How to complete this task:
Only the lines below starting at the one containing "Stay casual,relaxed yet" and ending at the one containing "Ghete Dama cu" belong in the answer, each copied exactly.

Task material section start

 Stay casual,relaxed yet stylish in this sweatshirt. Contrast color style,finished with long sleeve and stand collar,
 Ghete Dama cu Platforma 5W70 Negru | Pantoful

Task material section end
Task material section start

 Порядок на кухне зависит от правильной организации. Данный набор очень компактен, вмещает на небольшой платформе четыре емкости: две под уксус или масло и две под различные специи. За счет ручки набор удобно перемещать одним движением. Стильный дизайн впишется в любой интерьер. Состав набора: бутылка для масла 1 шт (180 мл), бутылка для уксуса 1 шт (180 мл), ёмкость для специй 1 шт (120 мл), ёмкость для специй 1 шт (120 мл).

Task material section end

Task solution:
 Stay casual,relaxed yet stylish in this sweatshirt. Contrast color style,finished with long sleeve and stand collar,
 Ghete Dama cu Platforma 5W70 Negru | Pantoful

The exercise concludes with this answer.